[Items listed in a dataset]
-=-=-=-=-

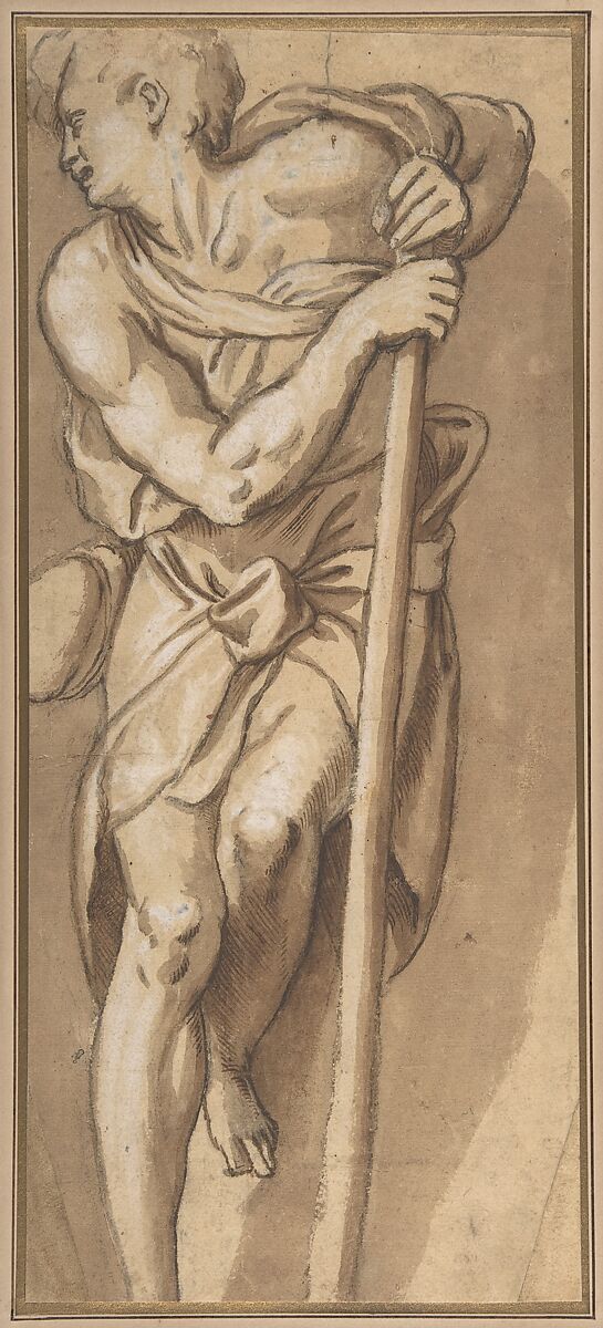 This imposing figure study of a man of Michelangelesque anatomy, partly standing and leaning on a long staff, is carefully rendered in a highly pictorial technique of brown washes and white gouache, over a preliminary underdrawing in black chalk; some areas in the wash shading are enhanced selectively with pen-and-ink hatching. The thick, dark contours done with the brush, as well as the marked tonal contrasts, remind one of 16th century chiaroscuro woodcut techniques.
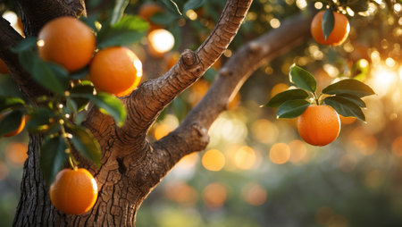 Oranges hang on a sunlit tree during golden hour in a lush orchard under warm evening light
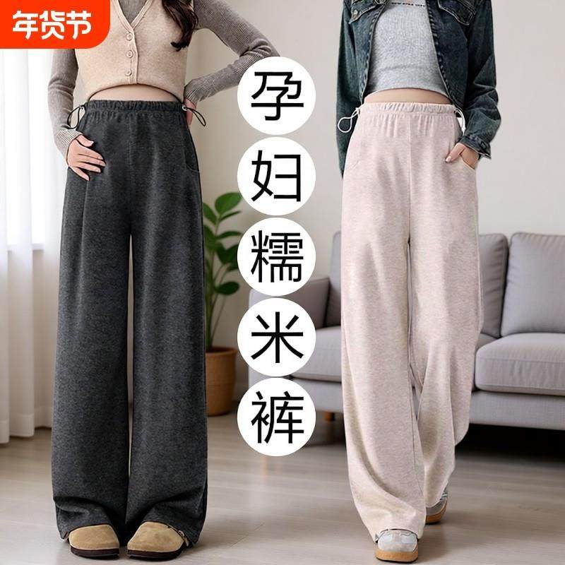 📚 孕妇糯米裤外穿阔腿打底裤猪鼻扣加绒加厚长裤冬装冬季孕晚期托腹
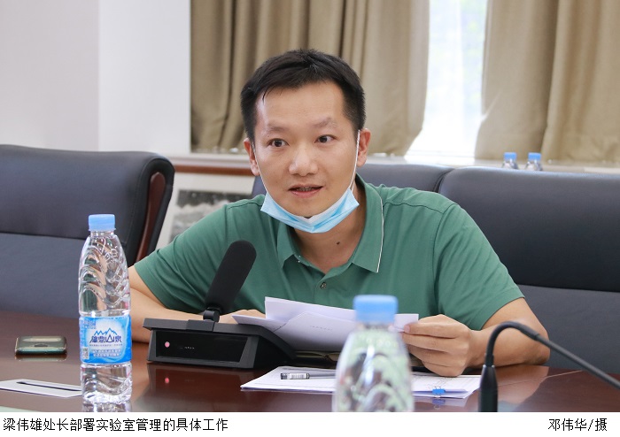 设备与实验室管理处处长梁伟雄部署了实验室管理的具体工作。他汇报了当前各院系实验室建设进度和需求,并详细介绍了实验室建设审批、规范命名、设施配备、日常维护等的流程和要求。
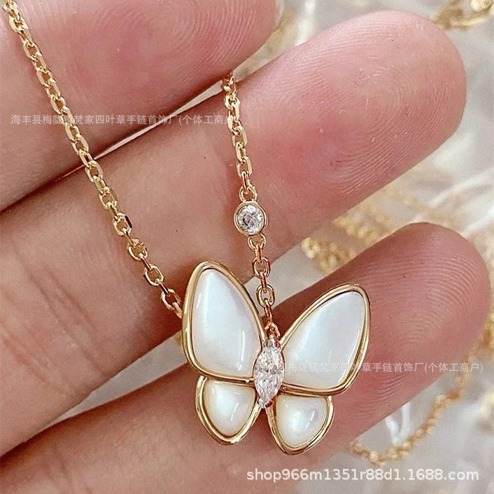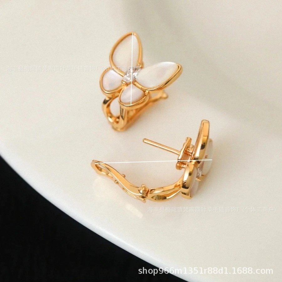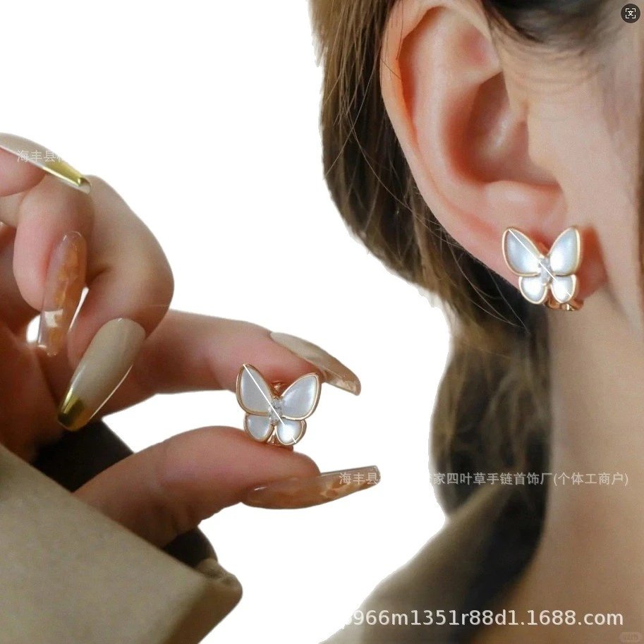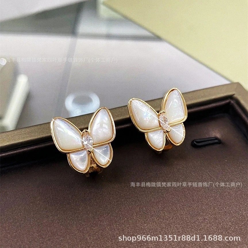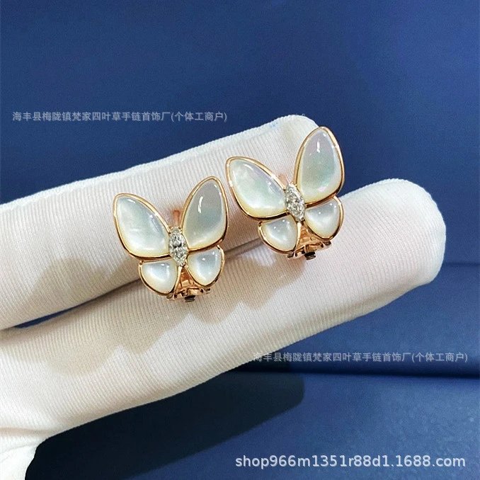 梵家白贝母蝴蝶耳拍女玫瑰金镶钻耳拍气质高级感时尚风百搭礼物潮
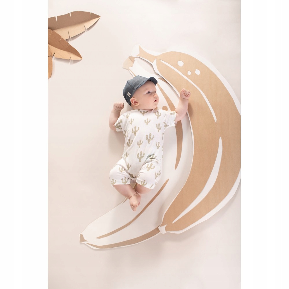 Дитячий комбінезон з коротким рукавом колекції Free Soul виготовлений з ніжної бавовни кольору екрю, прикрашений цікавим принтом зелених кактусів. В якості прикраси на лівому стегні ми помістили витончену нашивку з написом FREE SOUL. Дитячий повзунок є обов'язковим елементом літнього ліжка для новонародженого. Виготовлено в Польщі та має сертифікат «Безпечно для дітей».
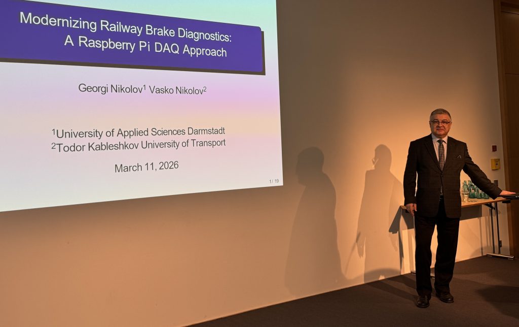 Висше транспортно училище „Тодор Каблешков бе представено от доц. д-р инж. Васко Николов, ръководител на катедра „Транспортна техника“, който участва в конференцията с публикация на тема: „Модернизиране на диагностиката на железопътните спирачки: подход с Raspberry Pi.“, в съавторство с проф. д-р Георги Николов от Университета по приложни науки в Дармщат, Германия.

-=-=-=-=-

» What this task involves:
Find the line with "Oranges hang on" and the line with "梵家白贝母蝴蝶耳拍女玫瑰金镶钻耳拍气质高级感时尚风百搭礼物潮" in the records above. Copy both and all lines between them exactly, without pictures.

» Finished exercise:
 Oranges hang on a sunlit tree during golden hour in a lush orchard under warm evening light
 📚 孕妇糯米裤外穿阔腿打底裤猪鼻扣加绒加厚长裤冬装冬季孕晚期托腹
 设备与实验室管理处处长梁伟雄部署了实验室管理的具体工作。他汇报了当前各院系实验室建设进度和需求,并详细介绍了实验室建设审批、规范命名、设施配备、日常维护等的流程和要求。
 梵家白贝母蝴蝶耳拍女玫瑰金镶钻耳拍气质高级感时尚风百搭礼物潮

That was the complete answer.